- Opening Delimiter -
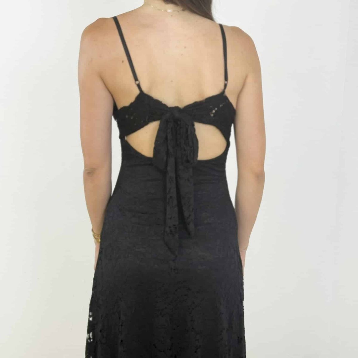 Turn heads with this sultry and romantic lace maxi dress, crafted for warm summer nights and elegant events. Featuring a flattering cowl neckline and delicate spaghetti straps, this dress hugs your silhouette while offering a graceful flow. The back steals the spotlight with a chic open detail and a dramatic bow tie closure.
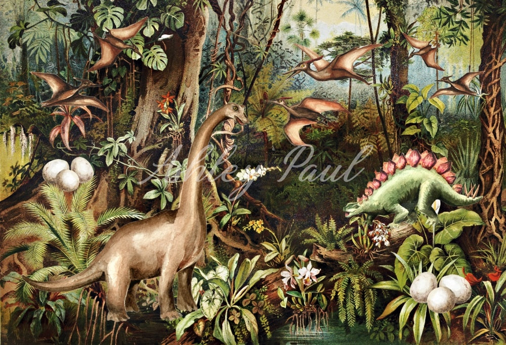 Transport your portraits to a lush, prehistoric era with the Vintage Prehistoric Dinosaur Jungle Backdrop. Featuring detailed dinosaurs and dense tropical foliage, this backdrop creates an immersive, vibrant atmosphere perfect for unique photo shoots and creative projects.
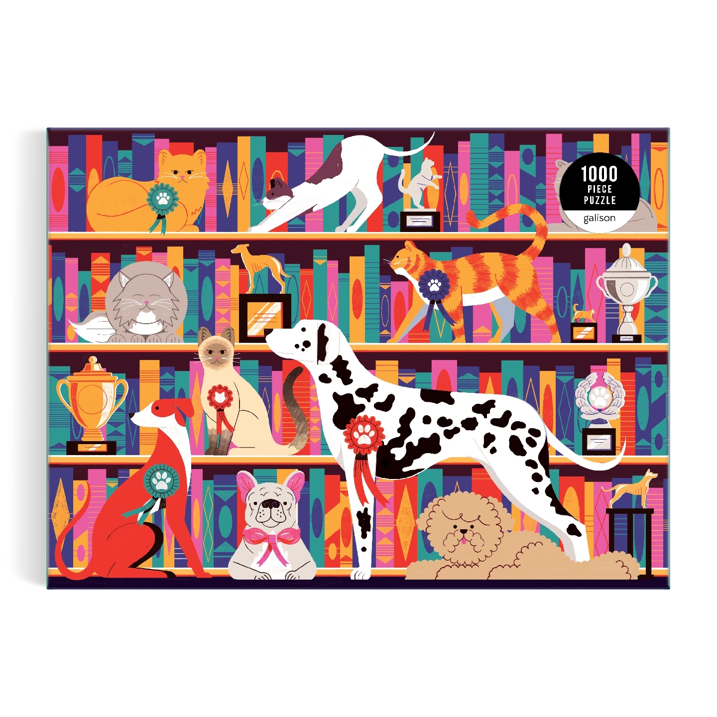 Best in Show est une étagère pleine d'esprit composée de félins Best in Show, de chiens partageant un espace d'étagère avec des trophées et des livres.
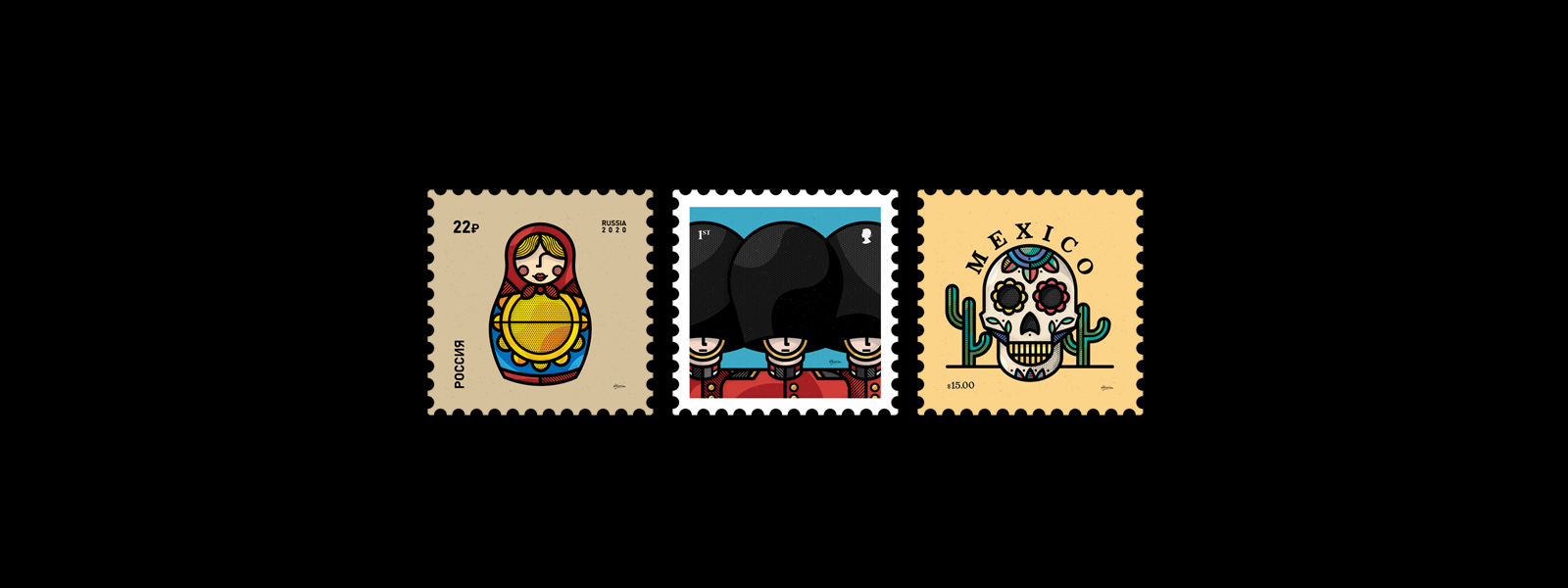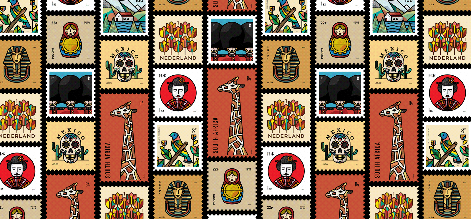 郵票設計我們一直認為它是小海報設計,方寸間自有天地。今天分享的這位設計師他選擇各種郵票插圖與布局。在設計這個系列時,他(她)的靈感來自擁有的一些對舊郵票系列以及每個獨特地方的特色圖像。由于 covid-19,現(xiàn)在很難環(huán)游世界,但希望暫時可以通過郵票的視覺幫助您至少通過屏幕旅行。
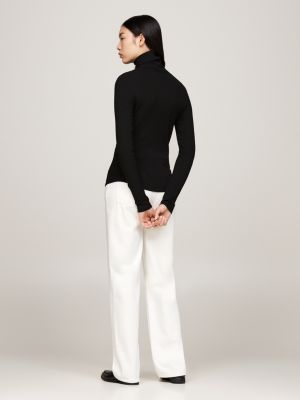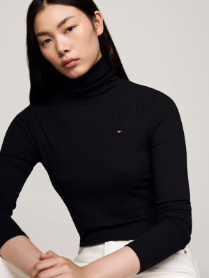 Deze elegante top met col is gemaakt van een flexibele ribstof die de aansluitende pasvorm benadrukt.
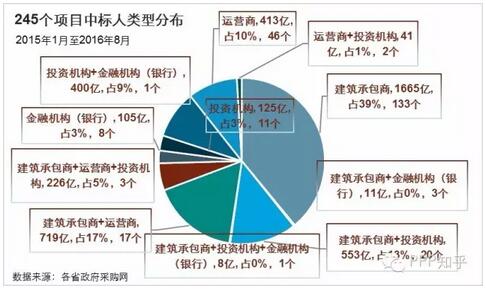 可以看出,在公布了回報率信息的245個項目中,類型為建筑承包商的企業參與率最高,不論是項目個數或是總中標金額都位列第1,其中建筑承包商單獨中標的項目總金額排名第1,,有1665億,占比39%,一共133個項目;金額數量排名第2的為建筑承包商與運營商的聯合體,中標17個項目共719億,占 17%;建筑承包商和投資機構的聯合體排名第3,總金額為553億,共20個項目。2015年到2016年中金融機構參與的PPP項目共有20個,其中有 13個項目的回報條件中規定了投資回報率,可以看出,金融機構在項目的選擇中比較在意回報條件中的投資回報率。
- Closing Delimiter -
GOAL OF THE EXERCISE ->
The copy has to start at the line that contains "Best in Show est" and end at the last line of the material above, matching the original exactly and holding no pictures.

ANSWER SPACE ->
 Best in Show est une étagère pleine d'esprit composée de félins Best in Show, de chiens partageant un espace d'étagère avec des trophées et des livres.
 郵票設計我們一直認為它是小海報設計,方寸間自有天地。今天分享的這位設計師他選擇各種郵票插圖與布局。在設計這個系列時,他(她)的靈感來自擁有的一些對舊郵票系列以及每個獨特地方的特色圖像。由于 covid-19,現(xiàn)在很難環(huán)游世界,但希望暫時可以通過郵票的視覺幫助您至少通過屏幕旅行。
 Deze elegante top met col is gemaakt van een flexibele ribstof die de aansluitende pasvorm benadrukt.
 可以看出,在公布了回報率信息的245個項目中,類型為建筑承包商的企業參與率最高,不論是項目個數或是總中標金額都位列第1,其中建筑承包商單獨中標的項目總金額排名第1,,有1665億,占比39%,一共133個項目;金額數量排名第2的為建筑承包商與運營商的聯合體,中標17個項目共719億,占 17%;建筑承包商和投資機構的聯合體排名第3,總金額為553億,共20個項目。2015年到2016年中金融機構參與的PPP項目共有20個,其中有 13個項目的回報條件中規定了投資回報率,可以看出,金融機構在項目的選擇中比較在意回報條件中的投資回報率。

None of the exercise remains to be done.